On March 9th, the US Department of Defense confirmed that President Joe Biden imposed new rules on how the military and intelligence services can conduct drone strikes and commando raids in some conflict zones.
This is yet another return to previous policy, as former President Donald Trump attempted to allegedly dismantle this command form.
During Trump’s presidency, the supervision, policy standards, and procedures for using lethal force outside designated war zones that his predecessor Barack Obama had put in place in a 2013 order were removed.
Military and intelligence operators complained that under that system, policy limitations had become a cause for too much lawyering and interminable meetings.
Obama devised that system after the number of deadly US drone strikes under his own presidency soared, prompting international outcry over the civilian deaths in those operations.
Defense Department spokesman John Kirby said the new rules represent “interim guidance” that was issued “to ensure the president has full visibility on proposed, significant actions, which the National Security Council will review.”

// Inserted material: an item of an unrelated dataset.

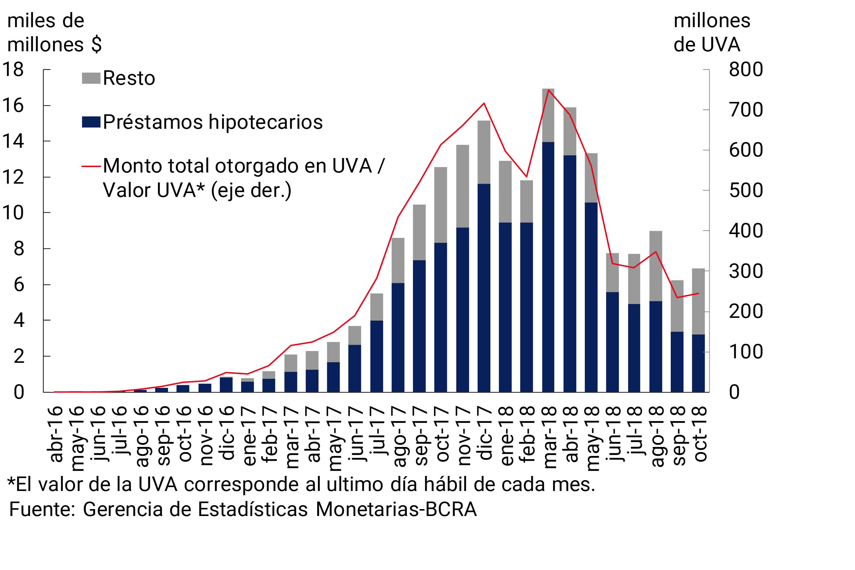 Los créditos en UVA también presentan un menor dinamismo desde mediados de año (ver Gráfico 14). En octubre los créditos totales otorgados en UVA a personas humanas y jurídicas totalizaron $6.913 millones (245 millones de UVA).22 Del total otorgado en UVA en el mes, 47% correspondió a préstamos hipotecarios, 36% a personales y 17% a prendarios. Teniendo en cuenta el saldo del balance del agregado del sistema financiero de septiembre, el financiamiento en UVA al sector privado alcanzó un total de $220.942 millones, correspondiendo 74% a líneas hipotecarias.23
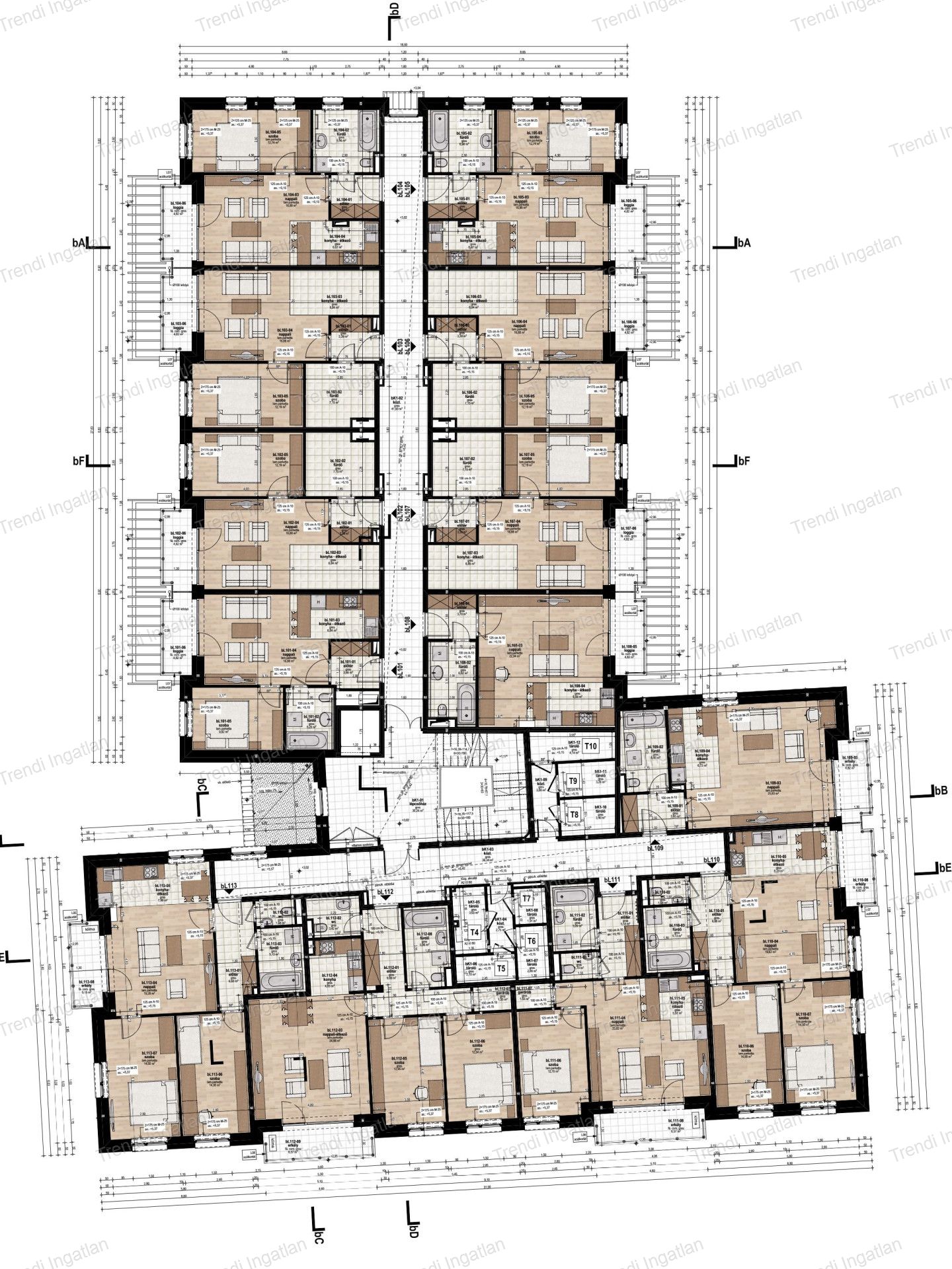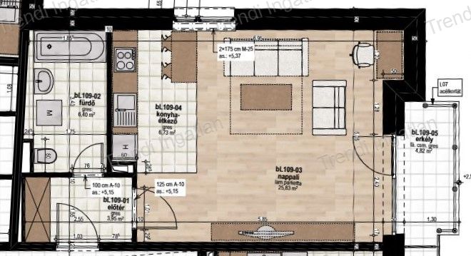 A meghirdetett 1. emeleten található 42,91 nm-es lakásban amerikai konyhás nappali, fürdőszoba, előtér található. A nappaliból 4,82 nm-es erkély nyílik.

Kirby added that the new rules were part of a broader review by the Biden administration into the legal and policy frameworks that govern when and how those missions take place outside of parts of the world that are clearly defined as war zones, like Iraq, Syria, and Afghanistan.
“It’s too early to come to grips with what reality is going to be, or the impact it’s going to have on specific parts of the world or on specific terrorist groups,” Kirby said.
“It’s interim. It’s not meant to be permanent, and it doesn’t mean it’s a cessation” of the drone and commando strikes, he added. “The authorities in some parts of the world are going to get visibility at the National Security Council.”
The New York Times first reported last week that Biden had secretly limited assassination drone strikes away from the war zones, requiring military and intelligence operators to gain higher-level approval as a stopgap measure to tighten the loosened Trump-era assassination activities and airstrikes.
Analysts say it’s not yet clear the extent to which Biden’s review represents a return to the policies in place when he was vice president under Obama or something else.
“The first step, and it is a prudent one, is to assess how this is all working,” says Karl Kaltenthaler, director of the Center for Intelligence and Security Studies at the University of Akron, who closely follows lethal drone strikes and the laws and policies governing them. “There has been some major confusion about who is making the calls on these things and under what authority.”
“It might be a return to more oversight of weapons releases and targeting and not so much delegation to the CIA to decide these things,” Kaltenthaler adds. “This is likely an attempt to make this more rule-based and on solid legal foundation.”
This is, however, yet another example of how Biden’s presidency is just a revamped Obama presidency under the supervision of VP Kamala Harris and others.